The exhaust from the engines, burners or other sources enters the exhaust plenum that is equipped with two TEG sections (top and bottom sides of the exhaust plenum). The exhaust flow can exit the exhaust plenum via two options: 1) the two TEG sections through 24 HSHXs and/or 2) two bypass manifold (one on each side). The bypass manifolds are equipped with the dampers (not shown in FIG. 13) that allow to direct all the exhaust through the TEG sections (when the dampers are completely closed) or distribute the exhaust flow between the two TEG sections and two bypass manifolds (when dampers are partially or completely open). The four TEG exhaust manifolds are also equipped with four dampers (not shown in FIG. 13) that allow controlling exhaust flow through the TEG sections.

These multiple dampers (exhaust flow control system) allow managing the TEG hot side temperature and the system backpressure in very wide ranges of the exhaust parameters (flow rate and temperature). This enables using the same waste heat recovery system integrated with various engines and ensures optimal TEG operation within wide range of specific engine operating regimes.

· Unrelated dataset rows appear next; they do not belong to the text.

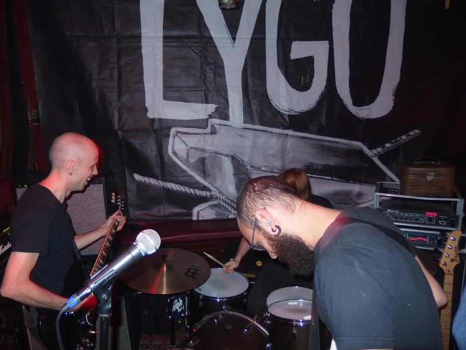 Lygo haben anlässlich ihres zehnjährigen Jubiläums eine kleine Minitour organisiert, die im Saarbrücker Karate Klub Meier (dort hat schon Bukowski gesoffen) ihren Anfang nahm. Da die Karten im Vorverkauf wie warme Semmeln weggegangen sind und die kleine Kneipe recht übersichtlich ist, hab ich mir gerade noch eine sichern können. An der Abendkasse blieben dann doch noch zwei liegen, wenn ich es richtig mitbekommen habe. Wo die beiden sich dann noch hätten hinstellen sollen… es war jedenfalls supervoll und das an einem Mittwoch…
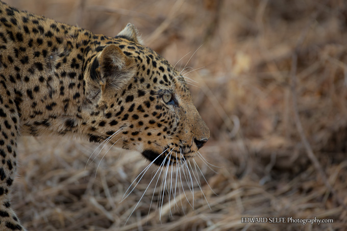 Moving on, we came across a leopard right by the road, who was stalking in the evening light.
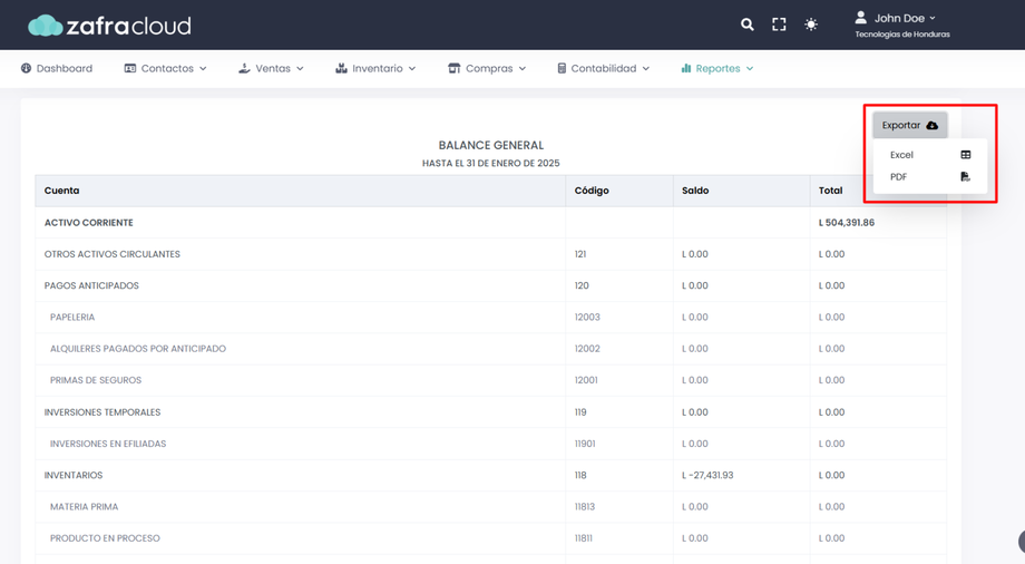 Para descargar el reporte en formato Excel o PDF, debe seleccionar el botón de “Exportar”.

When engine/burner exhaust enters the exhaust plenum and the bypass dampers are completely closed, the exhaust flow splits on 24 streams and each stream enters 24 hot side heat exchangers. With the uniform pressure distribution in the exhaust duct, hot side heat exchangers and exhaust manifolds, the flow rates and temperatures of all 24 streams will be practically the same. Under these conditions, the hot side of all 288 modules will experience nearly the same hot side temperature, which maximizes the TEG efficiency.

Because the open area of the TEG hot-side heat exchangers is larger or equal to the exhaust inlet area, the TEG backpressure maintains low and, if necessary could be even lower than the backpressure of the exhaust pipe.

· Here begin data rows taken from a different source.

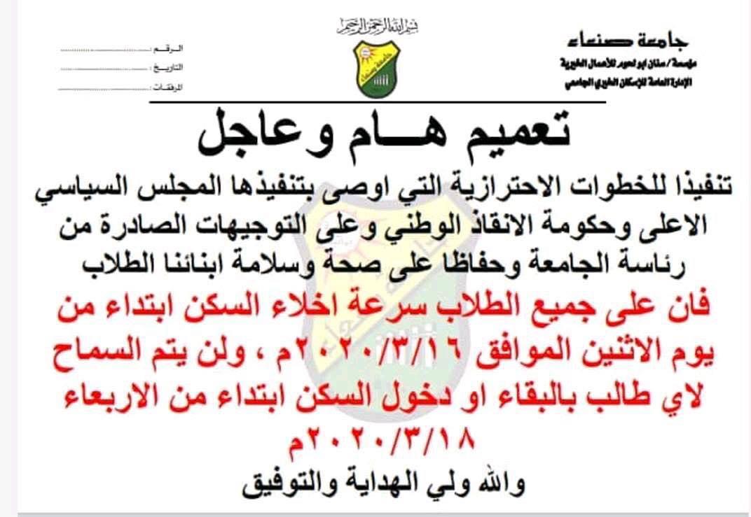 وقالت إدارة السكن الخيري (الخاضعة لسيطرة الميليشيا) في تعميم نُشر في وقت متأخر من مساء الأحد أن "على جميع الطلاب سرعة إخلاء السكن يوم الاثنين الموافق 2020/3/16، محذرة أنه لن يتم السماح لأي طالب بالبقاء داخل السكن بعد تأريخ 2020/3/18".
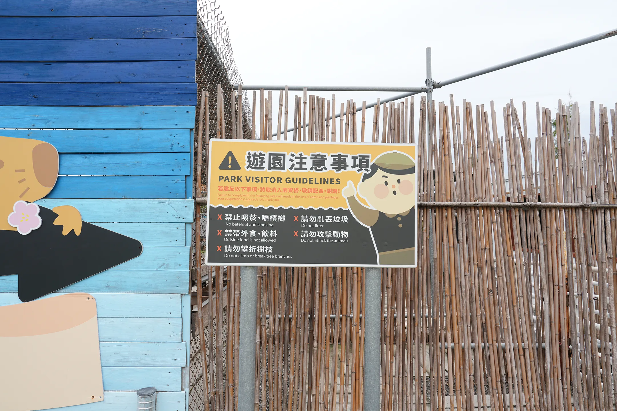▼進入動物區之前,入口處的告示牌清楚標示著各項注意事項,提醒遊客不可攻擊動物、禁止亂丟垃圾、禁帶外食/飲料等重要規定。
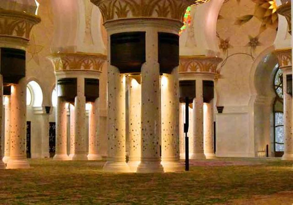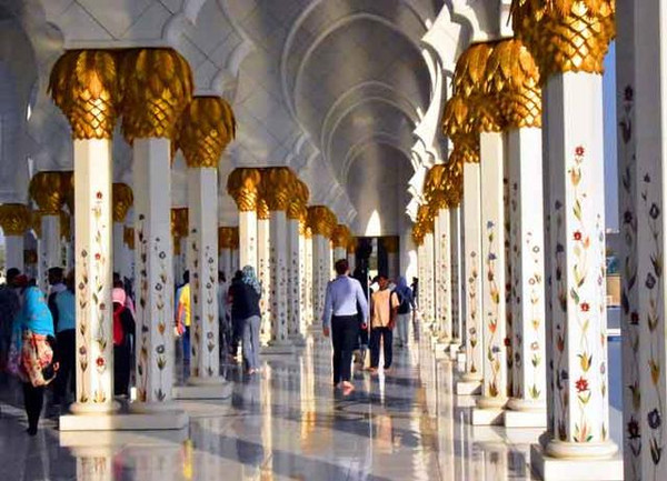 清真寺耗资55亿美元,仅黄金就用去了46吨,整个建筑群都用来自希腊的汉白玉包裹着,非常的庄严肃穆。
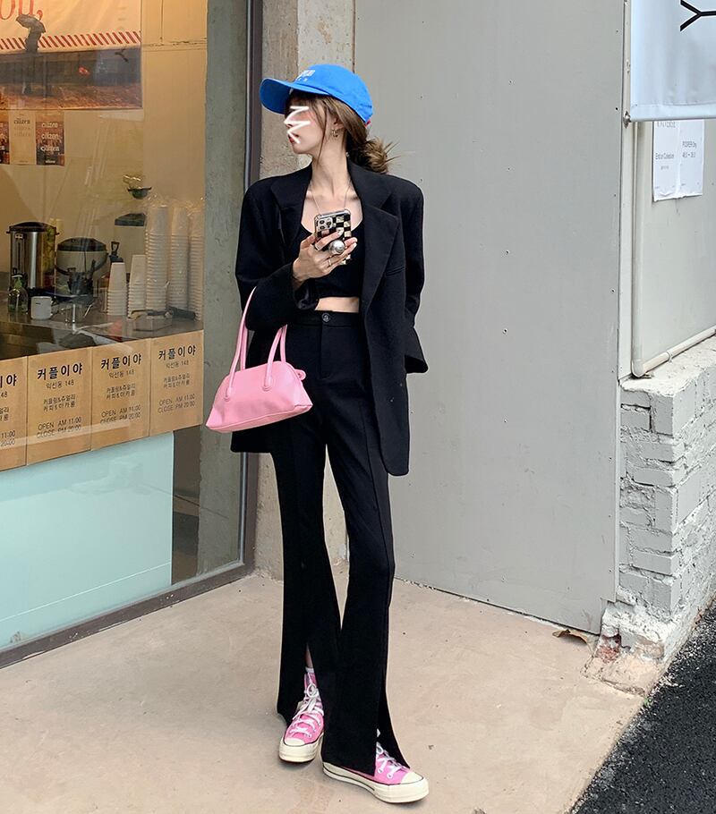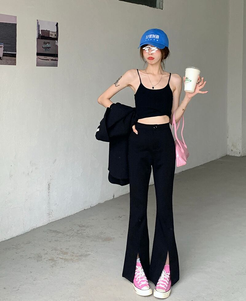 オータムブラックパンツ ストレッチハイウェストウェストカジュアル レッド エラスティック 伸縮 秋物 モンロー54460778714

If the waste heat recovery system is coupled with the engine that produces more exhaust energy (higher flow rate and temperatures) than necessary to be delivered to the TEG sections to produce the designed amount of electric power, the temperature of the TEG hot side and the backpressure are growing accordingly. In this case the dampers in the exhaust bypass ducts can be partially opened, to allow a portion of the exhaust to escape the system without entering the TEG section. This results in lowering both, the TEG hot side temperature and the system backpressure.

Finally, if a relatively small waste heat recovery system is installed in a very large engine and with completely open bypass dampers the TEG hot side temperature is still exceeds the design level, the TEG dampers can be partially closed in order to reduce the exhaust flow though the TEG sections until the hot side temperature meets the required value.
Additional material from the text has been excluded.